**PROBLEM TO SOLVE**
Give back, word for word, the lines in the listing below from the one holding "Ammattimainen ja erittäin" down to the one holding "Figure 2 CERCOM", both ends included.

**DATASET CONTENT**
▼

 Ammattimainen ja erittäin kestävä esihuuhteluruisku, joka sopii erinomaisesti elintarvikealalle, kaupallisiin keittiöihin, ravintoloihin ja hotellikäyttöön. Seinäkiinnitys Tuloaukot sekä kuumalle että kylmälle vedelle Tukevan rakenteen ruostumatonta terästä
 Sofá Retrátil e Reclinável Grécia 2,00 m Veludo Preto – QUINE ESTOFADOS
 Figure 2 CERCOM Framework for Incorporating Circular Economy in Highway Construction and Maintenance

▲
▼

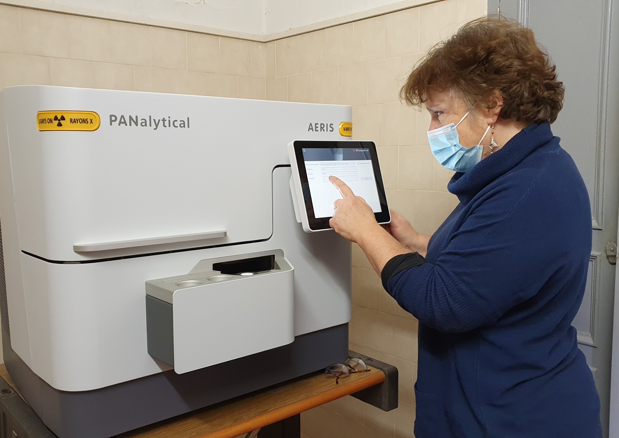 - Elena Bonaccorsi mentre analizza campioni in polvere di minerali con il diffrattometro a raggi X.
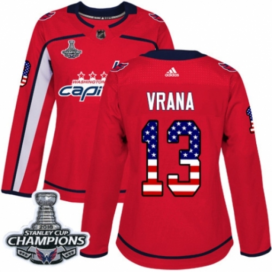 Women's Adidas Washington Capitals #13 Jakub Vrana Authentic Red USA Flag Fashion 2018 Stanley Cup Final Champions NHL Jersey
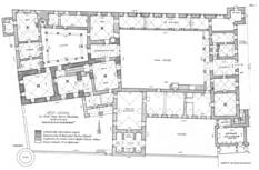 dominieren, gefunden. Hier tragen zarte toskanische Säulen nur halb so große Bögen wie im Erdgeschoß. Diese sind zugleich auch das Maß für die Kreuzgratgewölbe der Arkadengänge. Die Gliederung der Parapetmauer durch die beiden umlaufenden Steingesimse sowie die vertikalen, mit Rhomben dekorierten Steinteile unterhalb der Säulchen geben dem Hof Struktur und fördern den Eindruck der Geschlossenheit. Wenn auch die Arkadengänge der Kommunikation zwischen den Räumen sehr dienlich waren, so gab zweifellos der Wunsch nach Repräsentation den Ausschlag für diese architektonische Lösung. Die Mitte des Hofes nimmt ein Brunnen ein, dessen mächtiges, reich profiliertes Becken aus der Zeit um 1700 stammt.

▲
▼

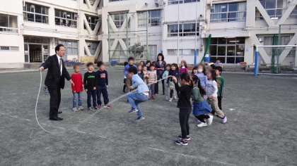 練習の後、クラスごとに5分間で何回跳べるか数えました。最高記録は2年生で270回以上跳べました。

▲

**EXERCISE SOLUTION**
 Ammattimainen ja erittäin kestävä esihuuhteluruisku, joka sopii erinomaisesti elintarvikealalle, kaupallisiin keittiöihin, ravintoloihin ja hotellikäyttöön. Seinäkiinnitys Tuloaukot sekä kuumalle että kylmälle vedelle Tukevan rakenteen ruostumatonta terästä
 Sofá Retrátil e Reclinável Grécia 2,00 m Veludo Preto – QUINE ESTOFADOS
 Figure 2 CERCOM Framework for Incorporating Circular Economy in Highway Construction and Maintenance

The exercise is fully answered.